Content starts

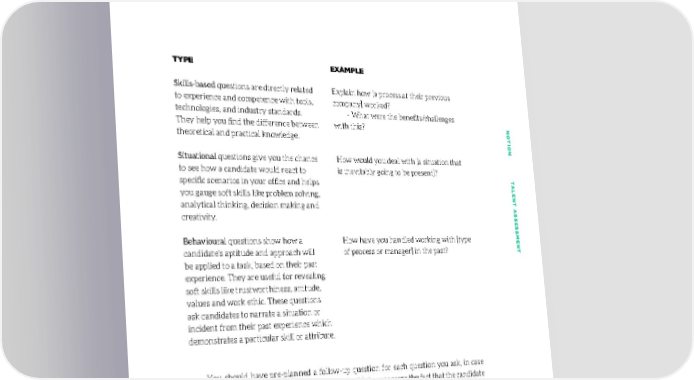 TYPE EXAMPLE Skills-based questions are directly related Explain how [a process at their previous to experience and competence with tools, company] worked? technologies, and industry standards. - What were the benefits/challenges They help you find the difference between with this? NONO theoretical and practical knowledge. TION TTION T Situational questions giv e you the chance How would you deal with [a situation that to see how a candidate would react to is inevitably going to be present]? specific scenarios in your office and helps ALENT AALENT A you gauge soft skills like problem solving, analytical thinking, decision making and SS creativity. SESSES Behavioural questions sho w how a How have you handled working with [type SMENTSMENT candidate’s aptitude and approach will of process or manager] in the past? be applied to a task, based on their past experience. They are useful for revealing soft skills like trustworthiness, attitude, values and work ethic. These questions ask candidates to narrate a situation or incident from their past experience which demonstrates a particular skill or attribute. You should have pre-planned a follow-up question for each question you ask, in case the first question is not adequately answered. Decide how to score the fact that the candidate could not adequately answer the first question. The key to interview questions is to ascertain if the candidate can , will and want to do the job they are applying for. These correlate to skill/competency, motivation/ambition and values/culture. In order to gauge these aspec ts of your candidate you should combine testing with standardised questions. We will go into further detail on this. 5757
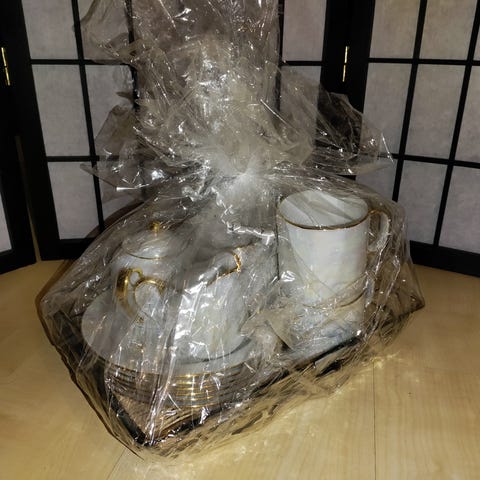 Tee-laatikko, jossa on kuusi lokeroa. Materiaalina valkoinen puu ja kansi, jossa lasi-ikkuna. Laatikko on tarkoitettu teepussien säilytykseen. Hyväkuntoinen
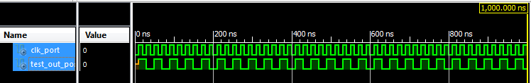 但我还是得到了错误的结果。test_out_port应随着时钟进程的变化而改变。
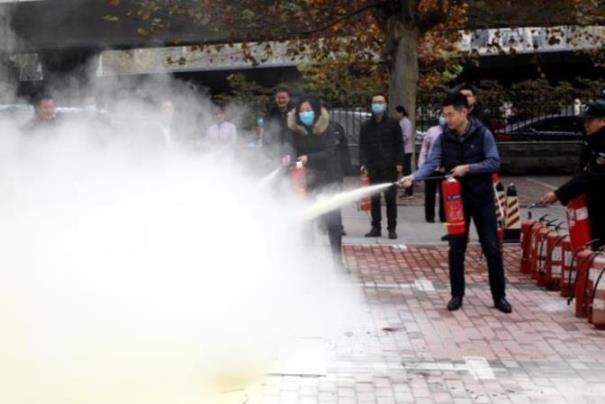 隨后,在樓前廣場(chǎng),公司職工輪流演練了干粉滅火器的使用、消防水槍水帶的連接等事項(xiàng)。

Content ends
Content starts

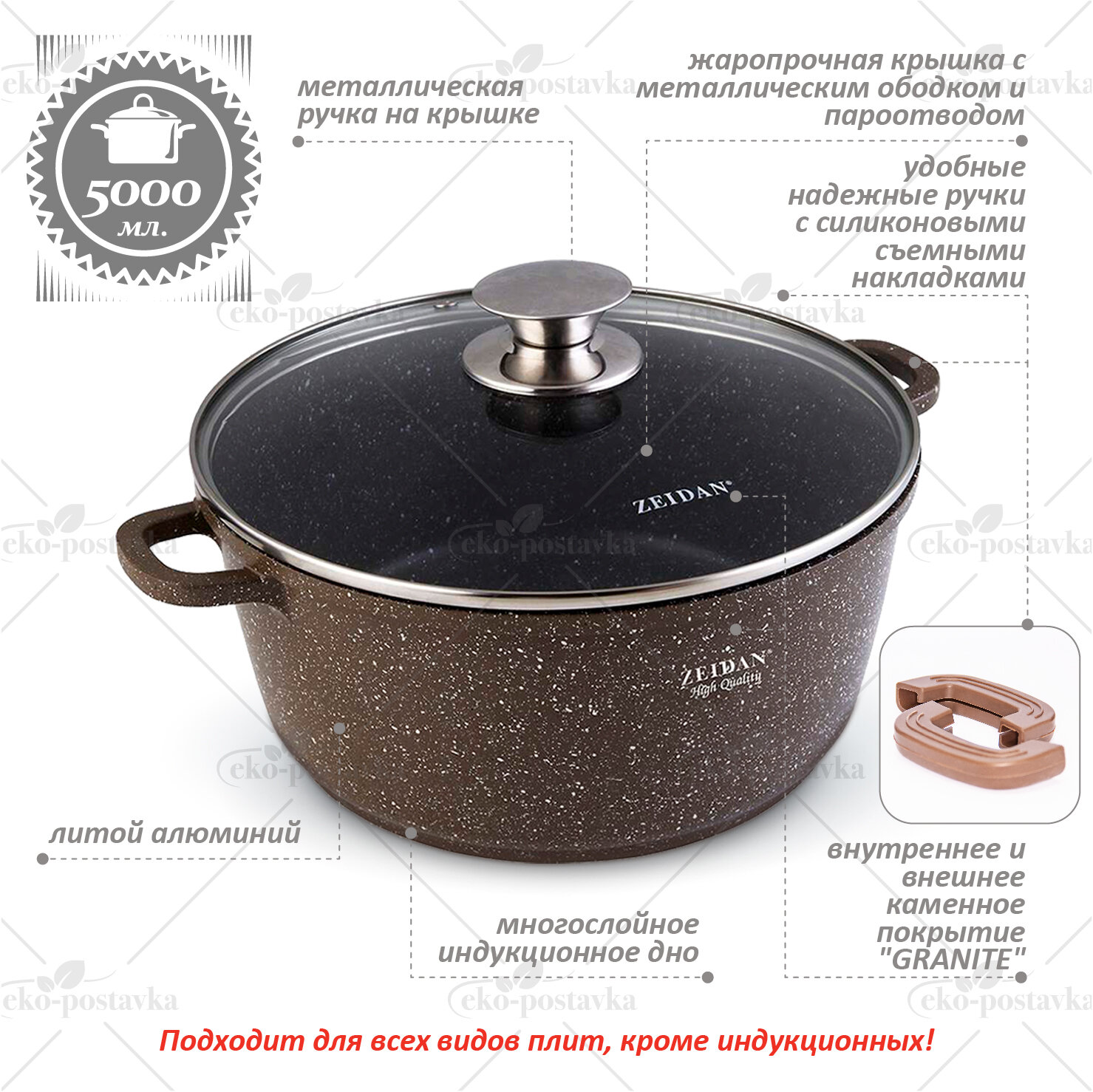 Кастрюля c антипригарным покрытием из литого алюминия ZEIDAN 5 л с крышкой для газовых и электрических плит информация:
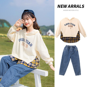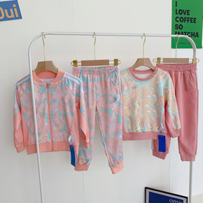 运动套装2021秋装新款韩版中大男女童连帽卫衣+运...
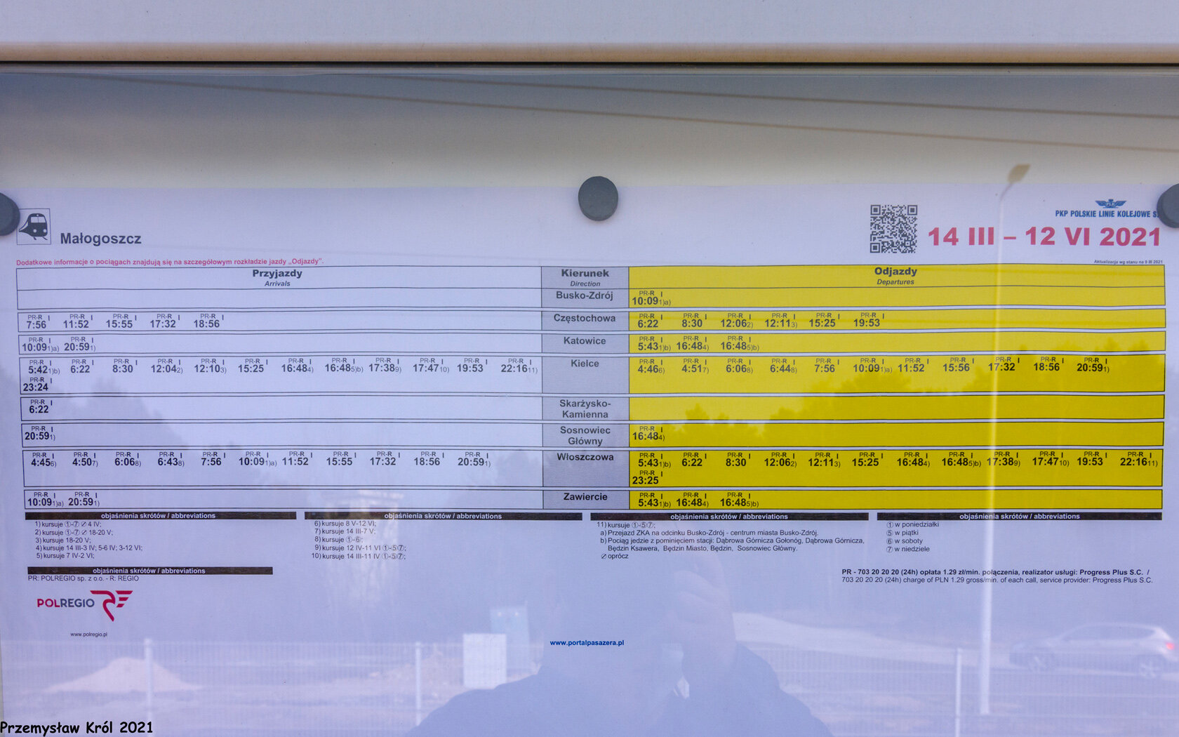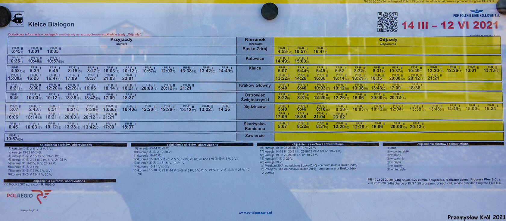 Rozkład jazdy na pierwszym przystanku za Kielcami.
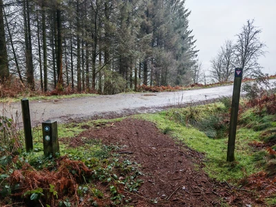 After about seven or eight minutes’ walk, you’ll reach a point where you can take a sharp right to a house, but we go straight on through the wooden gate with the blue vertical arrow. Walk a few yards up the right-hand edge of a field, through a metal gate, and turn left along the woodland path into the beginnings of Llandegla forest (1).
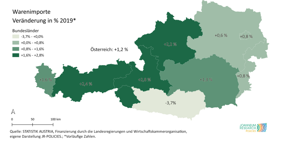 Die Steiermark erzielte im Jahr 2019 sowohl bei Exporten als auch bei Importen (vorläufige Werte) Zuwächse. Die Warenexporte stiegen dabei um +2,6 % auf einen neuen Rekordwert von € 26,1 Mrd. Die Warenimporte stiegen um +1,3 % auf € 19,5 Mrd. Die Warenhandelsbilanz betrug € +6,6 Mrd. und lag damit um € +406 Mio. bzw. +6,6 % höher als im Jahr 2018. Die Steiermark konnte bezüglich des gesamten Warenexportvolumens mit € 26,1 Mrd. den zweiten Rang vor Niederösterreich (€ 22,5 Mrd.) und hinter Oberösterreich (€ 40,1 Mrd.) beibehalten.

Content ends

-- Task prompt --
Please output, exactly as written, the lines above from the one holding "Кастрюля c антипригарным" through the one holding "Die Steiermark erzielte", both included, with the pictures omitted.

-- Task response --
 Кастрюля c антипригарным покрытием из литого алюминия ZEIDAN 5 л с крышкой для газовых и электрических плит информация:
 运动套装2021秋装新款韩版中大男女童连帽卫衣+运...
 Rozkład jazdy na pierwszym przystanku za Kielcami.
 After about seven or eight minutes’ walk, you’ll reach a point where you can take a sharp right to a house, but we go straight on through the wooden gate with the blue vertical arrow. Walk a few yards up the right-hand edge of a field, through a metal gate, and turn left along the woodland path into the beginnings of Llandegla forest (1).
 Die Steiermark erzielte im Jahr 2019 sowohl bei Exporten als auch bei Importen (vorläufige Werte) Zuwächse. Die Warenexporte stiegen dabei um +2,6 % auf einen neuen Rekordwert von € 26,1 Mrd. Die Warenimporte stiegen um +1,3 % auf € 19,5 Mrd. Die Warenhandelsbilanz betrug € +6,6 Mrd. und lag damit um € +406 Mio. bzw. +6,6 % höher als im Jahr 2018. Die Steiermark konnte bezüglich des gesamten Warenexportvolumens mit € 26,1 Mrd. den zweiten Rang vor Niederösterreich (€ 22,5 Mrd.) und hinter Oberösterreich (€ 40,1 Mrd.) beibehalten.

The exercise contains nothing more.